В чем же дело? И где нити? где же нити? скажите мне, милостивые государыни. Нити чего? Повествования, конечно.
И все нити, все нити спутаны. Ох, уж эта, эта Анна Леопольдовна!
И стоит Анна Леопольдовна, милая Аня Леопольдовна, между дверью и окном, тем необыкновенным окном, в которое смотрел между первым и вторым звонком он, почтальон счастливый. На Анне Леопольдовне передничек, тот передничек, который не успела снять она, пыль белую в комнате начав убирать. Аня Леопольдовна (уже не Аня Леопольдовна та, прежняя, а другая перепутанная Анна Леопольдовна) письмо берет и по почерку сразу Владимира Эдуардовича узнает. И вдруг вот что случилось. Но прежде, посмотрите в окно, читатель, в окно необыкновенное лестницы обыкновенной: там город весь замирающий от снегов вечерних, т.-е. от тумана неизъяснимого, там крыши с отверстиями многоязычными, окошечками и трубами и главное (главное напоследок) купол церкви Российской, золотящийся от солнца купол Российской церкви с иконами Распятого, с иконами Божьей Матери, с иконами святых угодников, церковь, где князь высокогордый и лавочник пузатый и худощавый приказчик и рабочий в блузе румяной – все перед Богом каются и в тяжелых земных поклонах ищут милосердия Божия и ищут спасения в молитвах своих. И пусть не посмотрят они друг на друга, князь на пузатого лавочника, а лавочник на приказчика, а приказчик на рабочего, пусть мимо пройдут и брезгливо поморщатся, но каждый в глубинах души своей кающийся брат родной своему брату; вот церковь, где спасение, вот церковь, где сила неодолимая России… И на этот купол золотящийся церкви Российской, посмотри, читатель, и во имя милосердия прости всех Анн Леопольдовн и прости ту Анну Леопольдовну, про которую громко шептали бабы: «Ох, сердешная», и шепотом этим облекли в новые, неведомые одежды брачные стоявшую в белом платье, с ватой, как все это делают, Анну Леопольдовну.
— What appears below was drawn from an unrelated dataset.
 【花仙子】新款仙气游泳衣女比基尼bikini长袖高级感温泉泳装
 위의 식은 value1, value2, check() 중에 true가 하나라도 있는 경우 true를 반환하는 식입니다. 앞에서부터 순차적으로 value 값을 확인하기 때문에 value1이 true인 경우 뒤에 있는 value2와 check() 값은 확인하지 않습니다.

И Аня Леопольдовна (вторая – перепутанная) стала Эммой, Эммочкой, чьи каблучки стучали теперь, должно-быть, где нибудь по заплеванной лестнице черной, ведущей в каморку двоюродного брата, если эти каблучки не покоились мирно под койкой твердой, под койкой походной где-нибудь, где не знаю, потому что я плохо знаком (к стыду моему) даже с Эммочкой, а с двоюродным братом ее и совсем не знаком. И лишь догадки одни, кто он? И походная кровать у него или нет? Но, что это, я проговорился, кажется, я что-то лишнее сказал. Ну ее, эту Эмму настоящую. Вот Эммочка не настоящая (Аня Леопольдовна, вторая – перепутанная) это другое дело. С ней все мои мысли, все печали мои и радости. И не рядом ли я с ней стоял (не в церкви, конечно, в церкви стоял Владимир Эдуардович) не в церкви, а в детской, когда папочка сердитый, папун нехороший кричал: «вон, вон из дома». Не я ли стоял рядом, невидимый, несуществующий и плачущий за нее и не моя ли мучимая душа умиротворена была в тот летний деревенский вечер.
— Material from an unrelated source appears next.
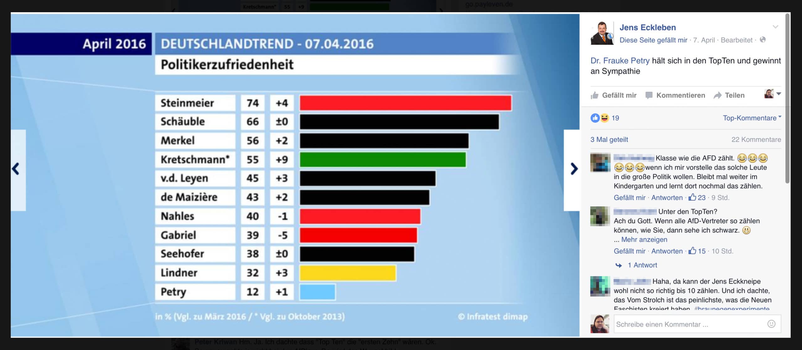Komisch, dass er das nicht erwähnt hat, schließlich hat seine große Vorsitzende hier die Spitzenposition inne. Und eine beeindruckende Leistung muss man auch schon mal loben: Frauke Petry schaffte es zur höchsten Unzufriedenheit mit ihrer politischen Arbeit, obwohl sie so gut wie gar nicht politisch arbeitet. Wenn das keine Leistung ist, so was schafft nicht jeder!

Аня Леопольдовна (Эммочка) говорила, или тараторила, или щебетала: барыни нет дома. И барина. Нефтяное письмо. С нефти. Там бьет эта самая нефть. И барин молодой там. И письмо его, барина, к ней, барыне, а ее, барыни, нет, как и барина, дома, только барин нефтяной уехали, а барыня вышедши в город и вернутся не скоро. И потом: из какой губернии? И уезда? И села? Вот как! И я оттуда же. Земляки – стало-быть. Ну, и хорошо. А чай на кухне готов. И, уставши, по всяким там лестницам шляться, ведь приятно выпить горяченького.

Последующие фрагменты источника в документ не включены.